Relation between Sparse Primes and Curse of Dimensionality?

  • Context: Graduate 
  • Thread starter Thread starter FallenApple
  • Start date Start date
  • Tags Tags
    Primes Relation
Click For Summary

Discussion Overview

The discussion explores the potential relationship between sparse primes and the curse of dimensionality, examining how the distribution of prime numbers might relate to concepts in vector spaces and dimensionality in mathematics. Participants delve into theoretical implications, mathematical representations, and analogies between these concepts.

Discussion Character

  • Exploratory
  • Technical explanation
  • Conceptual clarification
  • Debate/contested
  • Mathematical reasoning

Main Points Raised

  • Some participants suggest that as the number line increases, primes become less common, which may relate to the curse of dimensionality where adding more basis vectors increases the dimensionality of the spanned space.
  • One participant proposes that each new prime could be viewed as adding a new dimension, impacting the likelihood of forming composite numbers from earlier primes.
  • Another participant discusses the representation of numbers as vectors composed of basis vectors, noting that the dimension of the number space increases with the discovery of new primes.
  • A participant raises the idea of compressing the natural number line to just the primes, suggesting that the ordering of numbers is encoded in the prime basis vectors.
  • One participant introduces a definition of an inner product based on the number of common prime factors between numbers, proposing a metric for measuring distance or correlation in this context.
  • Concerns are raised about the redundancy in representing numbers with multiple prime factors, leading to a search for metrics that account for unique basis vectors.

Areas of Agreement / Disagreement

Participants express various viewpoints on the relationship between sparse primes and dimensionality, with no clear consensus reached. The discussion includes competing ideas and interpretations of how these concepts might be related.

Contextual Notes

Participants acknowledge limitations in their arguments, such as the dependence on definitions of vector spaces and the unresolved nature of certain mathematical steps related to the proposed metrics and inner products.

FallenApple
Messages
564
Reaction score
61
Is there a relation between these concepts? We know that as we move down the number line, the primes become less common. This makes sense: as we get more and more numbers, they could be constituted using all the primes that came before early on and less likely to be constituted by all the recent primes.

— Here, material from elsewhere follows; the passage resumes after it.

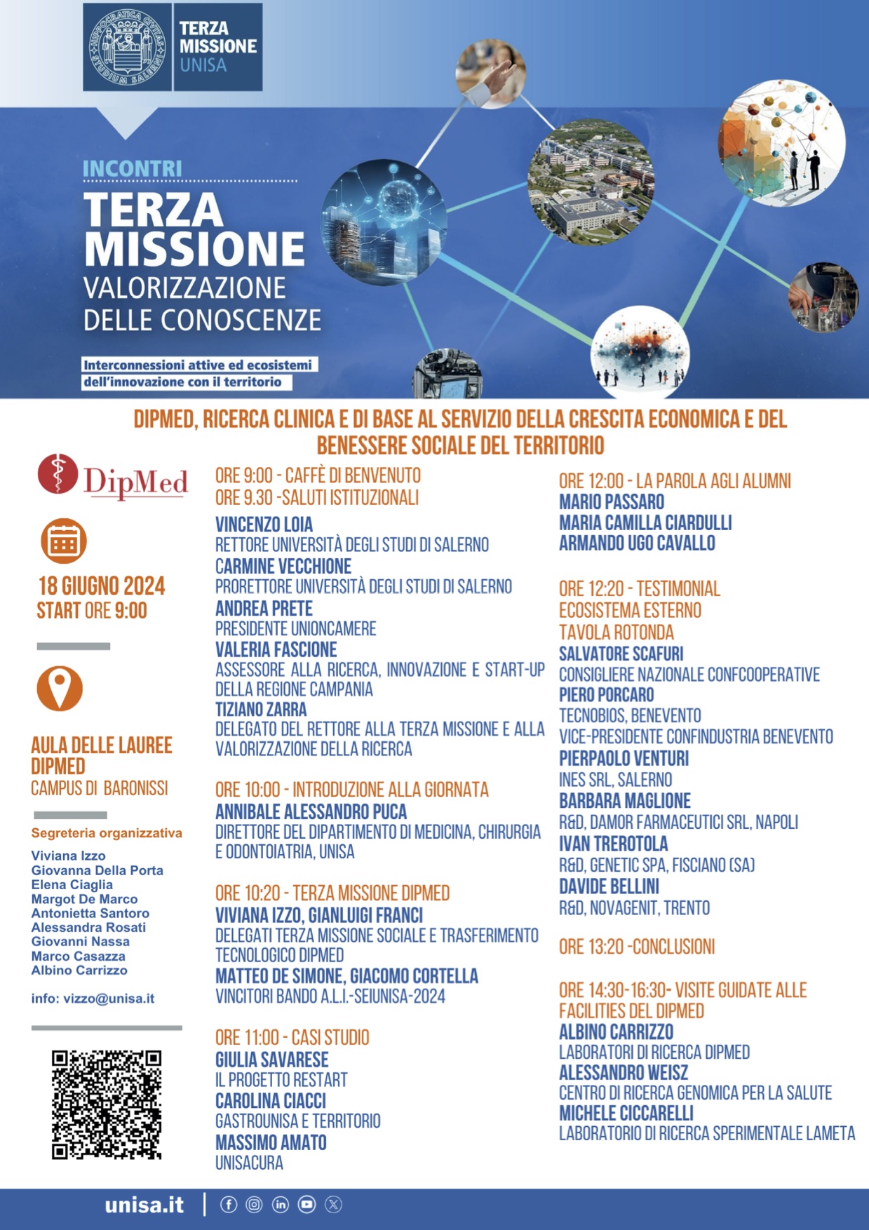 Una full immersion nella necessità- opportunità di implementazione di connessioni tra università e territorio che, proseguirà anche nel pomeriggio con visite guidate presso le facilities del dipartimento che includono i Laboratori di Ricerca Biomedica e Traslazionale, il centro di ricerca Genomica per la Salute CRGS ed il Laboratorio di Ricerca Sperimentale LAMeTA, visite guidate per le quali è necessaria la prenotazione che potrà essere effettuata attraverso il QRCode presente sulla locandina.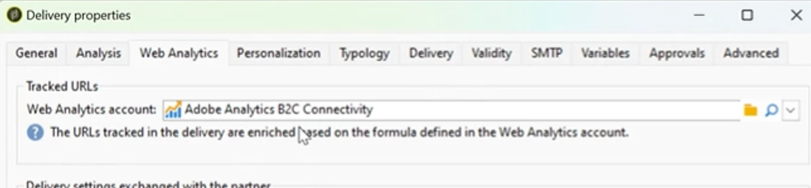 Few useful parameters which are sent to Analytics team in Url parameters are Delivery ID, Delivery Label, broadlogID etc. We need to use the created External account in our delivery Template, by adding it to our delivery properties section as shown below:

Although the curse of dimensionality is more of an issue related to basis vectors. The curse is this: as more and more unrelated( i.e independent) vectors are added, the dimension of the spanned space goes up while each increment of data(i.e column vector) stays the same, hence it has to occupy more hyper volume for same increment of data. Hence the data becomes more sparse for each basis added.

This is analogous because each new number can be written as a multiplicative combination of older primes or it can be a new prime, with unknown chance. If there is a new prime, then this is analogous to adding a dimension(new building block) which could in principle have a non zero probability to build another number down the line.

But I don't know if we can think of a multiplicative building block in terms of a basis. Unless there is some way to code each prime in terms of 1s and 0s in vectors that somehow make the prime vectors orthogonal also add up to build composite numbers(in vector 0s and 1s form as well). Perhaps there's a way to use log transformations to map from multiplication to addition? But if we were to do this, how would we incorporate the randomness(chance of being prime or not) of the next prime into this picture since there isn't really a fixed probability of nth number being prime. Maybe we can use Bayesian Statistics to assign some weight to a prime based on past occurrences of primes?

In short, are the ideas analogous?
 
Last edited:
Mathematics news on Phys.org
What about the primes as basis vectors? You don't get a proper vector space unless you include all rational numbers (apart from 0), but let's ignore that point.
1 is (0,0,0,...)
2 is (1,0,0,...)
3 is (0,1,0,...)
4 is (2,0,0,...)
60 is (2,1,1,0,0,...)
 
  • Like
Likes   Reactions: FallenApple
mfb said:
What about the primes as basis vectors? You don't get a proper vector space unless you include all rational numbers (apart from 0), but let's ignore that point.
1 is (0,0,0,...)
2 is (1,0,0,...)
3 is (0,1,0,...)
4 is (2,0,0,...)
60 is (2,1,1,0,0,...)

Ah, so then since each number is now a vector of data composed of sums of basis vectors which themselves are vectors, the dimension of the number space keeps increasing as we keep discovering primes. So say we find that the n-th number is prime. Since the next number, n+1, after is not likely to have the recently discovered prime in it, but most likely made of much earlier ones. Maybe its just that for the next number, there is just so many more ways that the previous basis vectors can add to make it that it's just more likely to find a composite instead of a prime. That is probably the generative process here.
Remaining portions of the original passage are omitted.